On 07/27/2010 04:48 PM, Andre Przywara wrote:
Wierd. Maybe the clock goes crazy.
Let's see if it jumps forward alot:
} while (unlikely(last != ret));
+
+ {
+ static u64 last_report;
+ if (ret > last_report + 10000) {
+ last_report = ret;
+ printk("kvmclock: %llx\n", ret);
+ }
+
+ }
return ret;
}
Worth updating the 'return last' to update ret and goto the new code,
so we don't miss that path.
Did that. There is _a lot_ of output (about 350 lines per second via
the 115k serial console), both with smp=1 and smp=2.
The majority is differing about 2,000,000 (ticks?), but a handful of
them are in the range of 20 million.
nanoseconds. So 2-20ms. Consistent with 350 lines/sec.
No difference between smp=2 and smp=1.
I also get some "BUG: recent printk recursion!" and I don't see any
kernel boot progress beyond outputting the BogoMIPS value.

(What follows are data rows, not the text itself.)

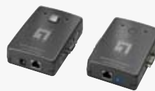
KVM-9005 KVM Cat.5 Extender Kit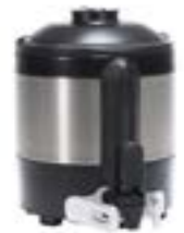
TF SERVER, 1G MECH GEN3 NOBASE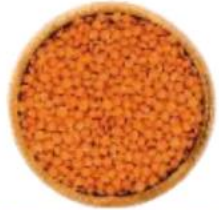
RED WHOLE LENTILS

Right, printk() wants the time too.
BTW: I found two message from your earlier debug statement:
[ 0.000000] kvm-clock: cpu 0, msr 0:1ac0401, boot clock
[ 0.000000] kvm-clock: cpu 0, msr 0:1e15401, primary cpu clock
Those are from kvmclock initialization, not from the older patch.
I'm completely confused, everything seems to be in order.
Let's see. if you s/return last/return ret/ in the original, does this
help things along? this makes pvclock drop the computation and should
be exactly the same as before the patch.